Abdelhakim Laref

Personal information
- Full name: Abdelhakim Laref
- Date of birth: 12 January 1985 (age 41)
- Place of birth: Relizane, Algeria
- Height: 1.88 m (6 ft 2 in)
- Position: Forward

Youth career
- Standard Liège

Senior career*
- Years: Team / Apps / (Gls)
- 2005–2006: Roeselare / 5
- 2006–2008: Sint-Niklaas / 70 / (25)
- 2008–2009: La Louvière / 14 / (6)
- 2009: Sint-Niklaas / 25 / (-)
- 2009–2010: Deinze / 10 / (1)
- 2010: Eendracht Zele / 11 / (2)
- 2010–2011: JSM Béjaïa / 18 / (8)
- 2011–2012: MC Alger / 30 / (7)
- 2012–2016: Sint-Niklaas / 75 / (7)
- 2016–2017: FC Lebbeke
- 2017–2019: Sint-Niklaas / 43 / (8)
- 2019: KSV Bornem
- 2019–2020: Knokke / 17 / (3)
- 2020–2022: Sint-Niklaas / 17 / (4)

International career
- Belgium U18 / 0 / (0)

= Abdelhakim Laref =

Algerian footballer (born 1985)

Abdelhakim Laref (born 12 January 1985) is a retired Belgian footballer of Algerian origin.

==Club career==
Laref came up through the junior ranks of Standard Liège.

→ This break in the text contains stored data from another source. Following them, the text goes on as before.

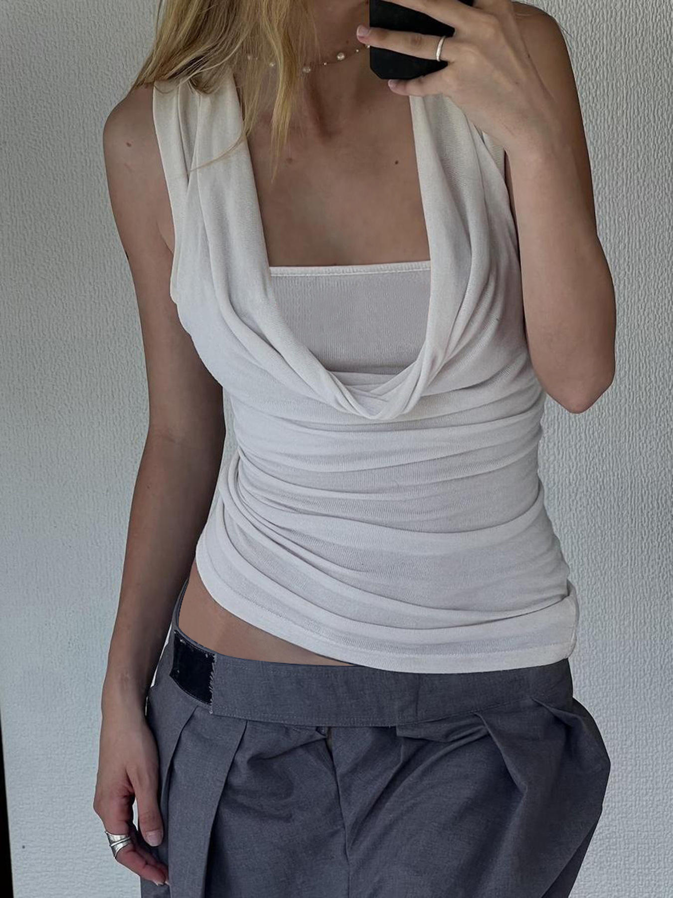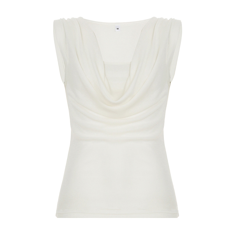 유럽과 미국의 거리 뜨거운 소녀 스타일 가짜 투피스 우아한 주름 허리 스윙 칼라 민소매 티셔츠 단색 간단한 슬림 탑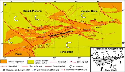 15vip太阳成集团古天乐吴传勇教授在天山现今构造变形与应变分配研究方面取得新进展,成果论文“Slip partitioning and crustal deformation patterns in the Tianshan orogenic belt derived from GPS measurements and their tectonic implications”发表在国际地球科学著名顶级期刊《Earth-Science Reviews》(地球科学论评)上。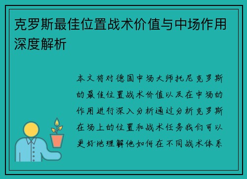 托尼·克罗斯(Toni Kroos)是当今足球界最具影响力的中场球员之一,他的技术特点不仅使他成为世界级球员,也使得他能够胜任多种不同的位置。在本篇文章中,我们将深入分析如何根据克罗斯的技术特点判断他适合踢的具体位置。通过分析他的传球能力、控球技巧、视野、以及防守能力等四个方面,我们可以更为准确地判...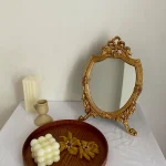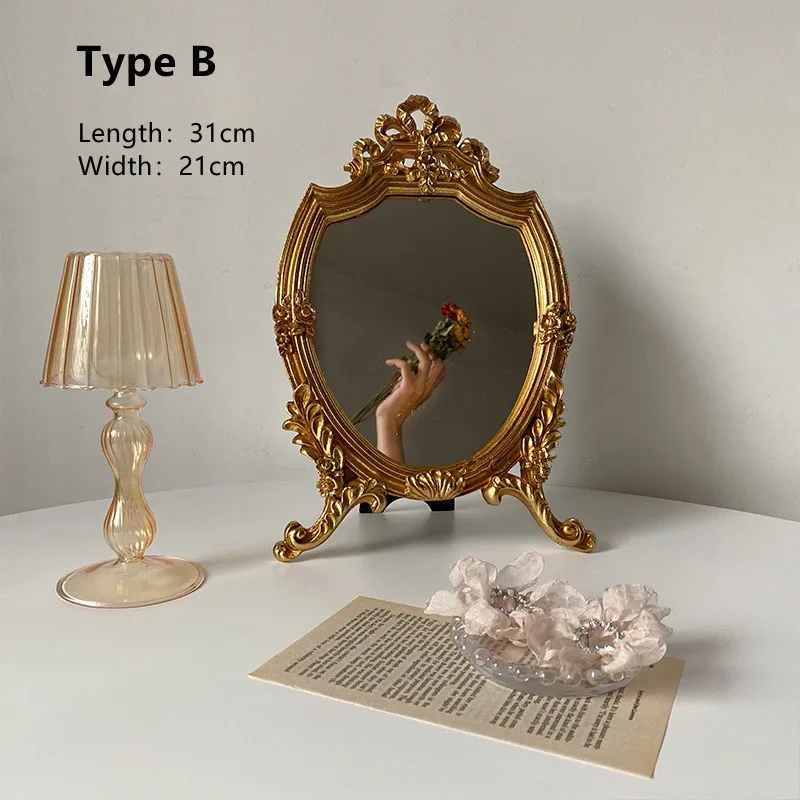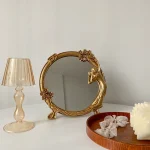 With this stunning mirror stand, you can elevate your daily beauty routine while adding a touch of elegance to your space. Picture yourself effortlessly applying makeup or grooming with ease, all while basking in the beauty of this exquisite accessory. Say goodbye to dull and uninspiring mirrors and hello to a new level of sophistication with our European Resin Carved Round Antique Gold Desk Mirror Stand.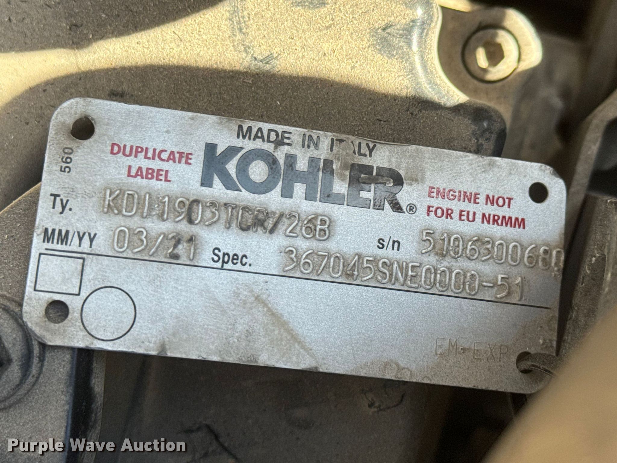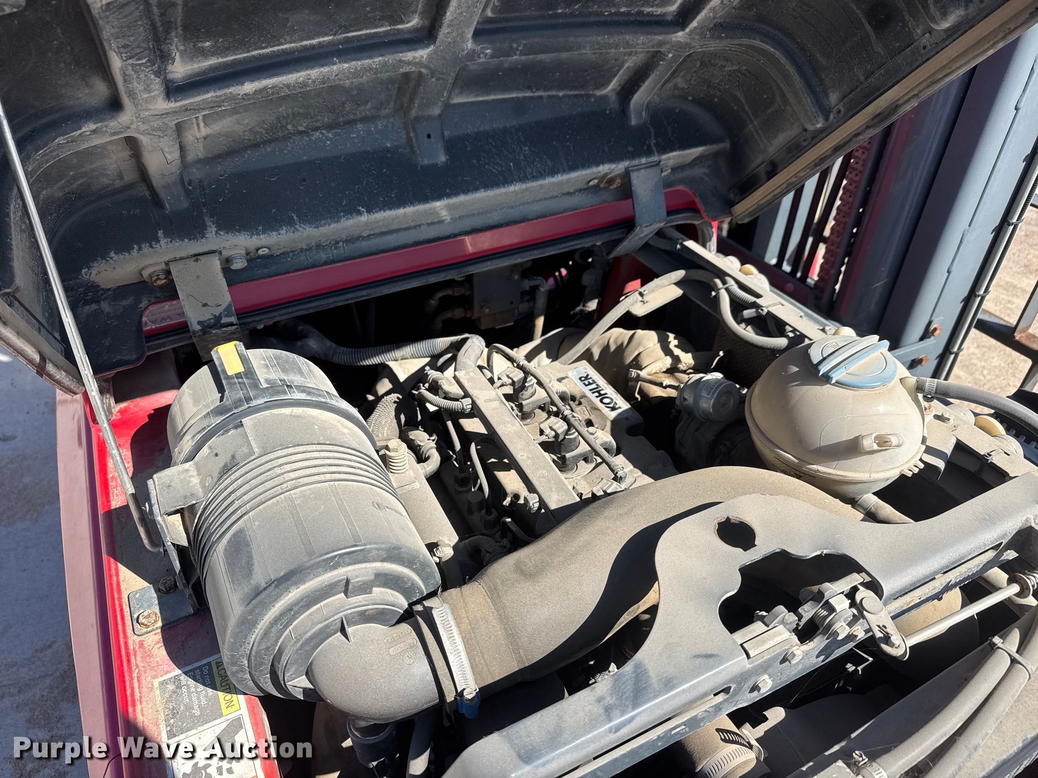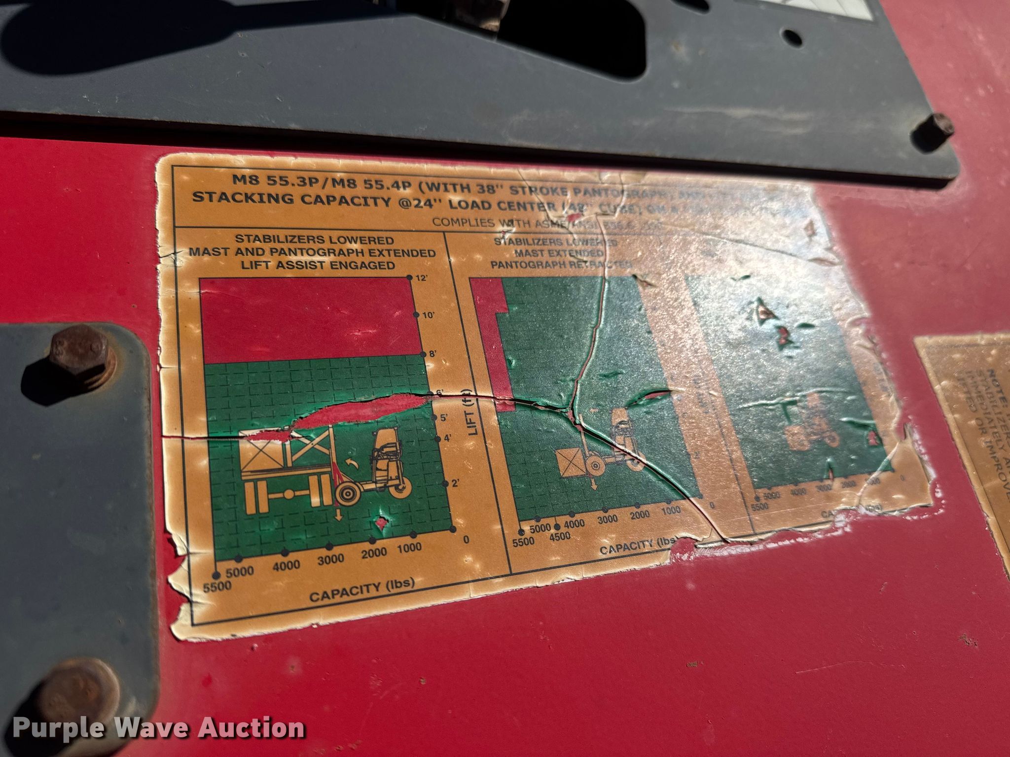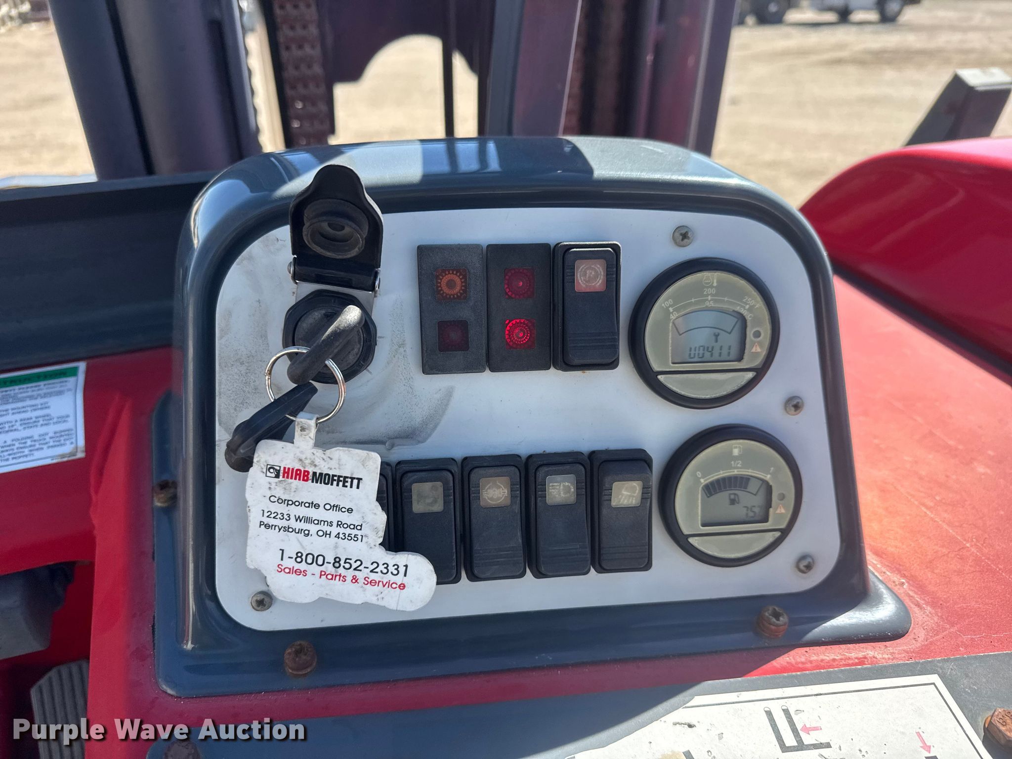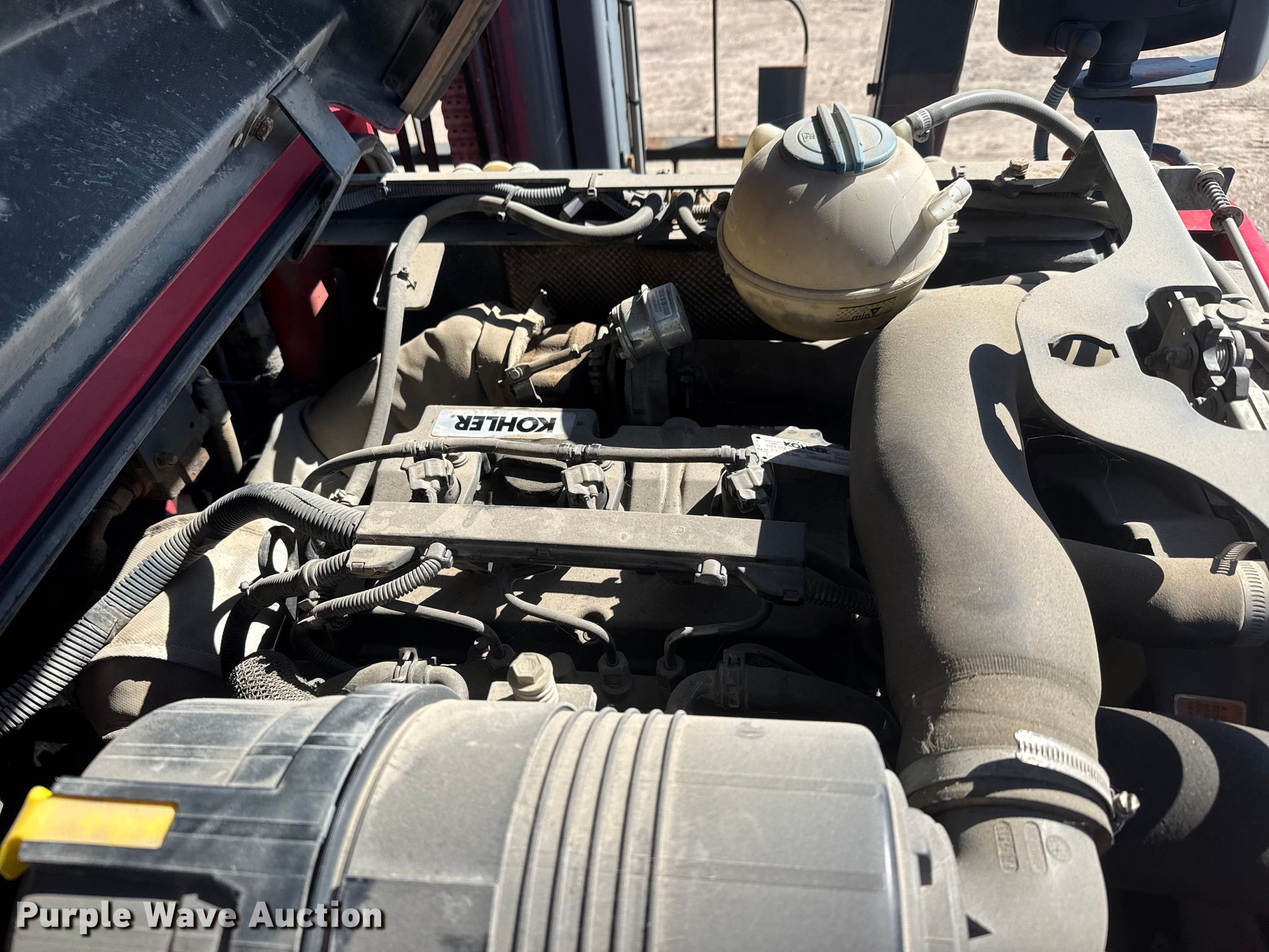 2014 Cargotec Ireland M8 55.3PL forklift. Hours: 747 on meter, Serial: N360128. Engine Kohler, Serial: 5106300680, Displacement: 1.861L, Cylinders: 4, Fuel type: Diesel. Transmission Hydrostatic. Chassis Differential lock. Operators station OROPS. Features Maximum lift capacity: 5,500 lbs, Maximum lift height: 144", Collapsed mast height: 96", Mast stages: 2, Side shift, Mast tilt, Reach / retract, Fork length: 48". Tires Front: 31x15.5-15. Notes Flat tire, Engine issues , Non-operational unit. The Monarch Cement Company. Wichita, KS 67209

He played for K.S.V. Roeselare in the Belgian First Division, as well as various other Belgian clubs, including FCN Sint-Niklaas, Germinal Beerschot, R.A.A. Louviéroise, K.F.C. Eendracht Zele, K.M.S.K. Deinze and K.A.A. Gent .

===JSM Béjaïa===
On 2 June 2010, Laref signed a contract with the Algerian Championnat National side JSM Béjaïa. He scored his first goal on 9 November 2010 at ORB Akbou with JSM Bejaia. On 25 January 2011, he was released from the club after making only two appearances, totaling nine minutes, without scoring any goals.